* Morten Lemvigh:
I'm trying to make something like a Java interface. I have a class, that
needs a distance measure. The distance measure is itself a class passed
to the constructor:
MyClass::MyClass(vector v, DistanceMeasure dm)...
Then I have different specific distance measures inheriting from
DistanceMeasure (fx. CosDistance), and I would like to be able to do fx.
CosDisance cs;
Vector v;
MyClass ms(v, cs);
If I make the methods in DistanceMeasure virtual, I'm told by the
linker, that it's an undefined reference.
You forgot to link in a definition of the function in question.
If I make them pure virtual,
I'm told that the constructor declaration above is illegal, because dm
is abstract.
You forgot to make the constructor argument a reference. What you have
is a copy of the DistanceMeasure part, of type DistanceMeasure.
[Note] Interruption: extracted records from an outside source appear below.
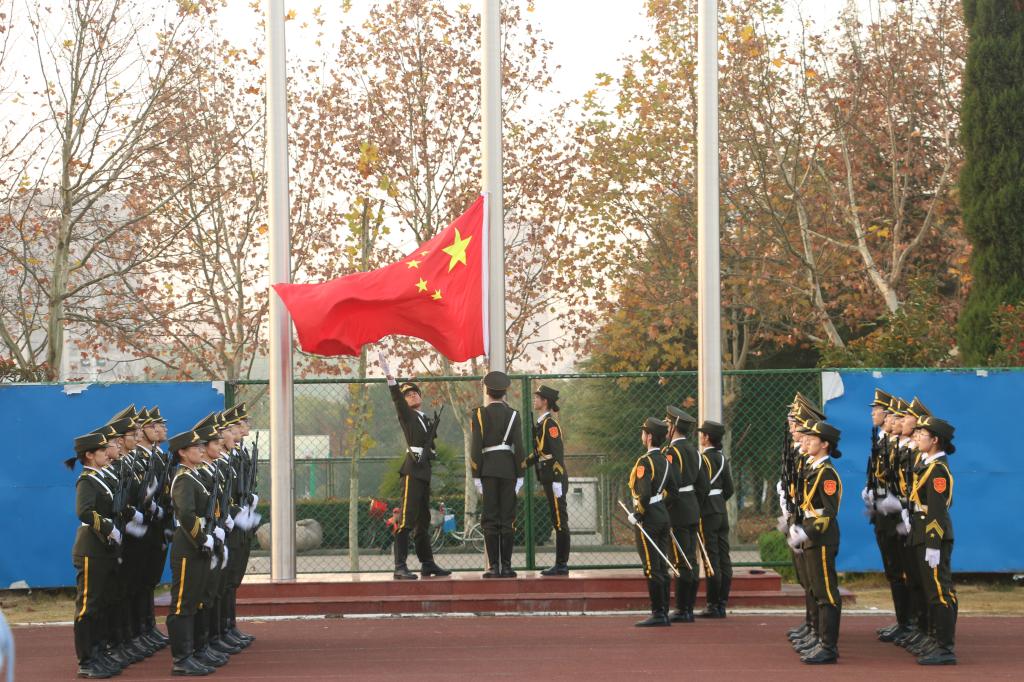7时15分的风雨操场,熠熠暖阳朝气勃发,国旗护卫队高擎着五星红旗走向升旗台,全体师生庄严肃立,伴随着嘹亮的国歌声,注视着五星红旗冉冉升起。
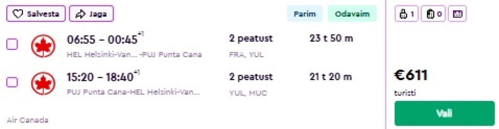 Air Canada koostöös Lufthansaga pakuvad hetkel väga hea hinnaga lennupileteid Dominikaani Vabariiki. Kiirete ümberistumistega lennupiletid Helsingist Punta Canasse on saadaval alates 611€ eest.
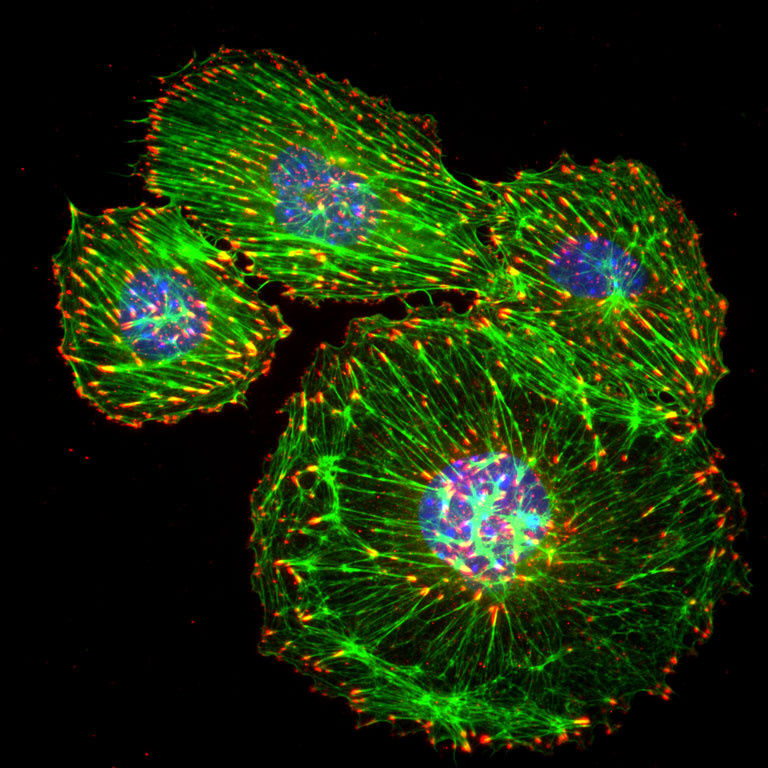 "This is an immunofluorescence stain of brain endothelial cells adhering and spreading on an extracellular matrix primarily made up of fibronectin. The fibers (green) are lines of actin filaments that make up the cell's cytoskeleton and the small dots (red) represent alpha 5 integrin, one of the main receptors of fibronectin, that often localizes in plaques called focal adhesions. Integrins are known to have roles in mediating cell attachment and signaling that helps define cellular shape, cellular mobility, and also regulates cell cycle as well as gene expression."
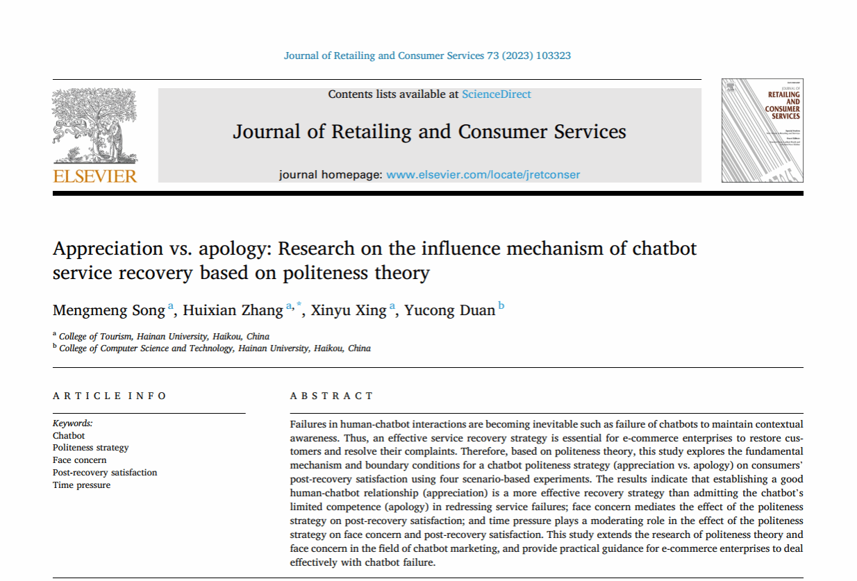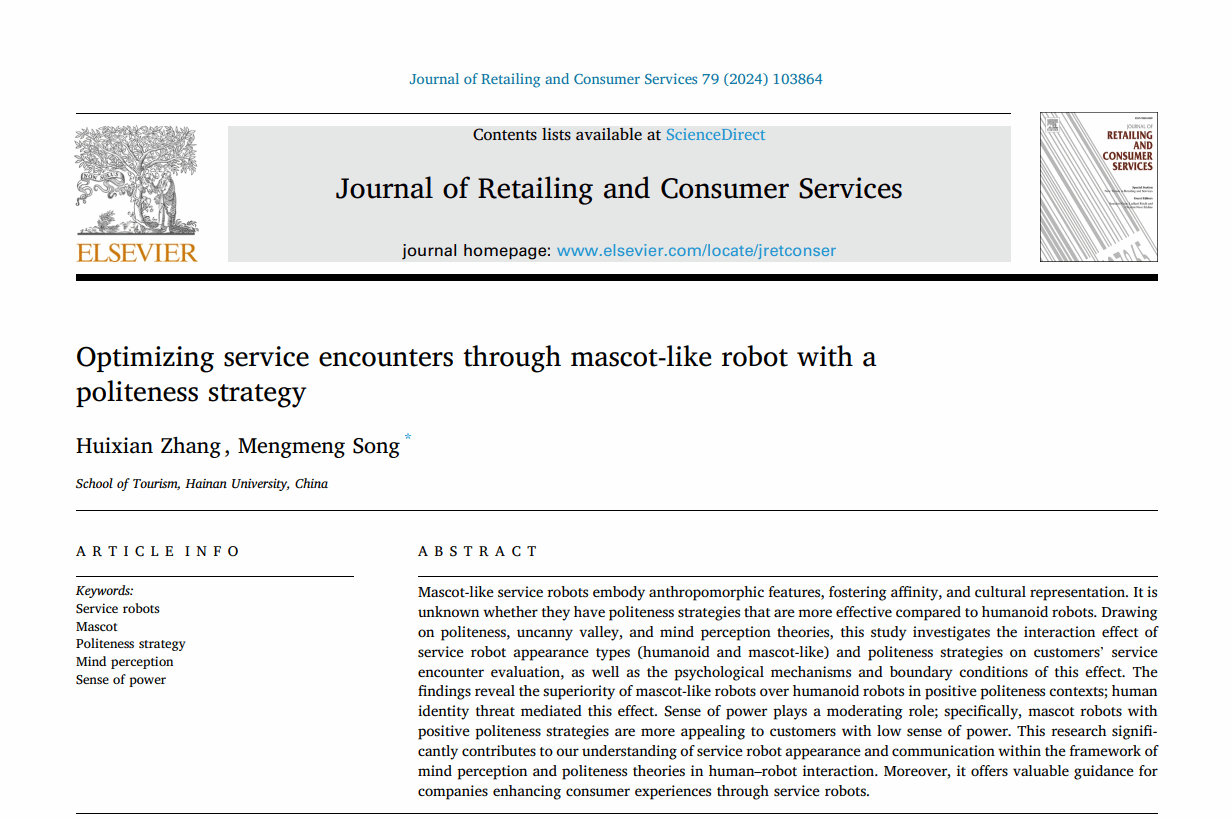 关于服务机器人的论文“Optimizing service encounters through mascot-like robot with a politeness strategy”于2024年4月在线发表,第一作者为硕士生张慧娴,通讯作者为宋蒙蒙副教授。关于在线聊天机器人的论文“Appreciation vs. apology: Research on the influence mechanism of chatbot service recovery based on politeness theory”于2023年7月发表,第一作者为宋蒙蒙副教授,通讯作者为硕士生张慧娴。两篇论文均以bw必威西汉姆联官方网站为唯一署名单位。

You
can't make an instance of an abstract class.
If I provide a dummy implementation in DistanceMeasure it's
the DistanceMeasure methods that are called from MyClass and not the
overriding methods from CosDistance.
You forgot to make the constructor argument a reference. What you have
is a copy of the DistanceMeasure part, of type DistanceMeasure. For a
non-abstract DistanceMeasure that results in a slice operation.
How can I specify an interface for a distance measure, and make MyClass
indifferent to the class implementing the interface, and use the methods
from the class provided in the constructor???
I'm not that familiar with c++, so any help or ideas would be highly
appreciated.
It's a very large design space:
* Run-time versus compile-time specification.
* Identification by type (infinite variation possible) versus values.
* Different measures per MyClass instance or per class.
For the case of run-time identification of distance measure per instance:
* Passing in identifying value.
* Passing in factory object.
* Passing in std::auto_ptr (ownership transfer), or other smart
pointer.
* Passing in ref to object managed by client code.
* Passing in a callback.
Whether any of these solutions are reasonable depends on what you want
to achieve.
"Java interface" is something else entirely, but given that you have a
Java background, you may find it easiest to do the smart pointer thing.
For that you should get yourself the Boost library's smart pointer
collection (can be used without compiling the library, all code in
header files) and use boost::shared_ptr.